(REQUIREMENT)
From the first line to the last, return the data exactly, with no pictures.

(THE DATA)
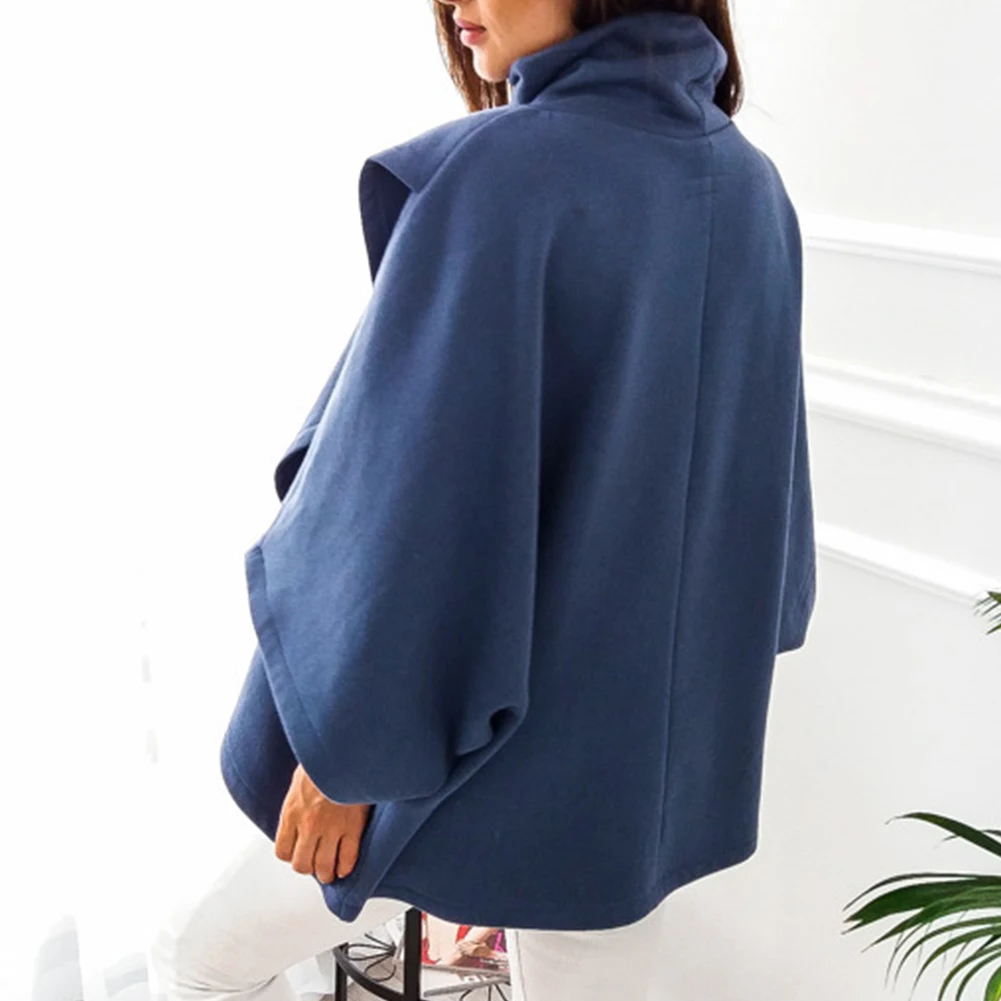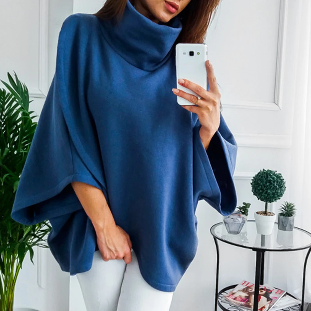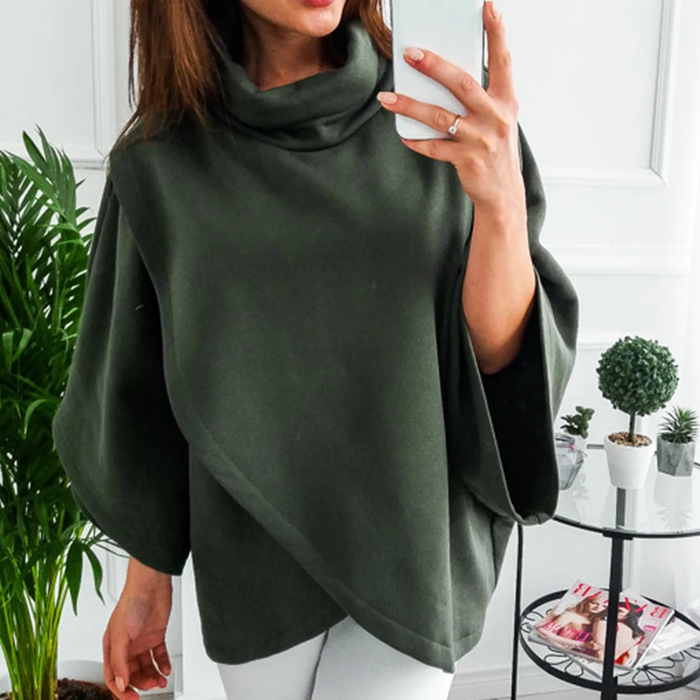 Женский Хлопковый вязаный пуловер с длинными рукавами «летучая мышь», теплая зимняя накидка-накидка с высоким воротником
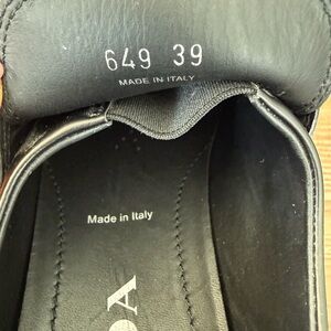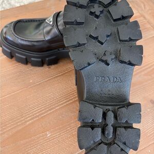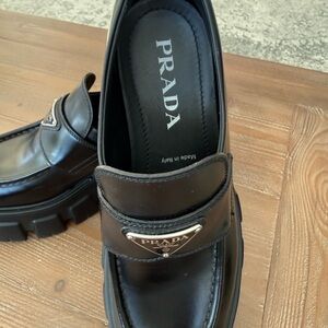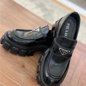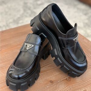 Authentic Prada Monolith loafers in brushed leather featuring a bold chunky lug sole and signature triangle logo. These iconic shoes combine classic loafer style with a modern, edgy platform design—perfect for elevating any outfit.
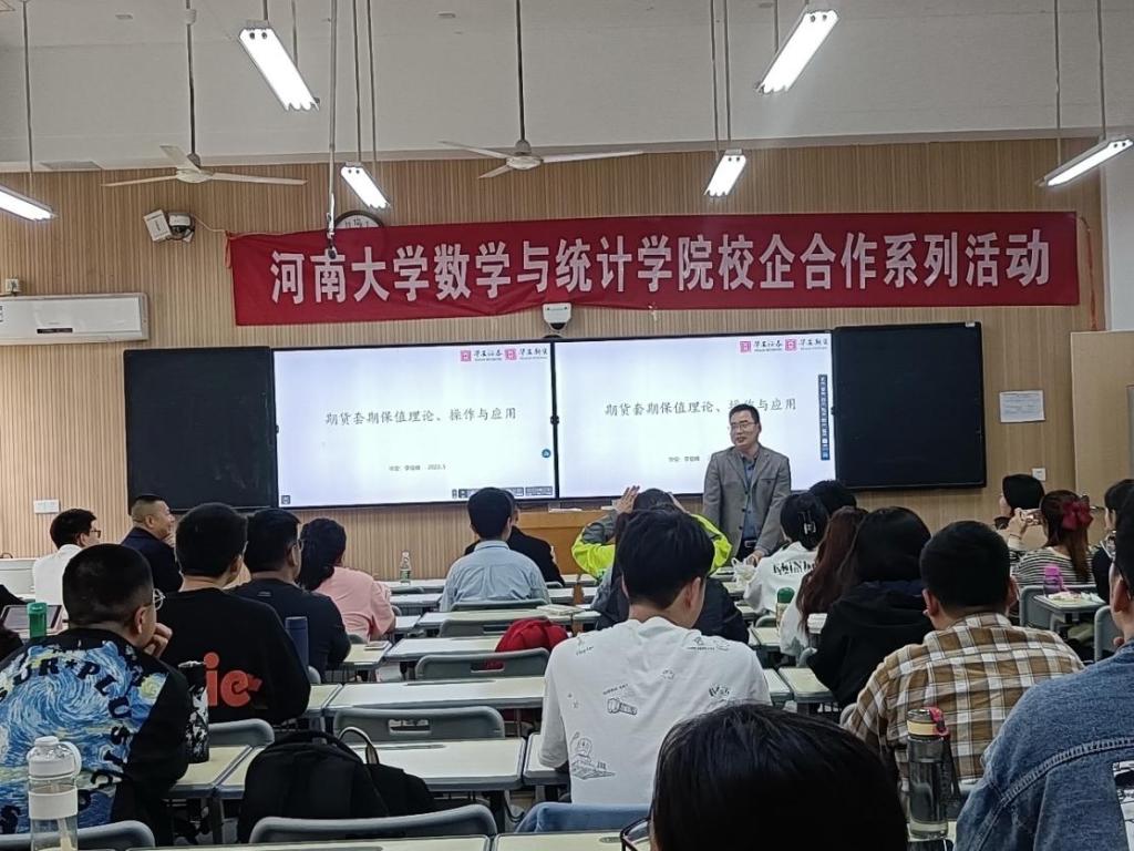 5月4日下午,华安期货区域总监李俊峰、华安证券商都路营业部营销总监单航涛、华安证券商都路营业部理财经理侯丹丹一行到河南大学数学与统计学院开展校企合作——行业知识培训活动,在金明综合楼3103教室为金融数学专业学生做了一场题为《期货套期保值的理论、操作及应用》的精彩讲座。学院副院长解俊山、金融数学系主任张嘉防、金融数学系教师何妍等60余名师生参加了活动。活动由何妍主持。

(ANSWER SECTION)
 Женский Хлопковый вязаный пуловер с длинными рукавами «летучая мышь», теплая зимняя накидка-накидка с высоким воротником
 Authentic Prada Monolith loafers in brushed leather featuring a bold chunky lug sole and signature triangle logo. These iconic shoes combine classic loafer style with a modern, edgy platform design—perfect for elevating any outfit.
 5月4日下午,华安期货区域总监李俊峰、华安证券商都路营业部营销总监单航涛、华安证券商都路营业部理财经理侯丹丹一行到河南大学数学与统计学院开展校企合作——行业知识培训活动,在金明综合楼3103教室为金融数学专业学生做了一场题为《期货套期保值的理论、操作及应用》的精彩讲座。学院副院长解俊山、金融数学系主任张嘉防、金融数学系教师何妍等60余名师生参加了活动。活动由何妍主持。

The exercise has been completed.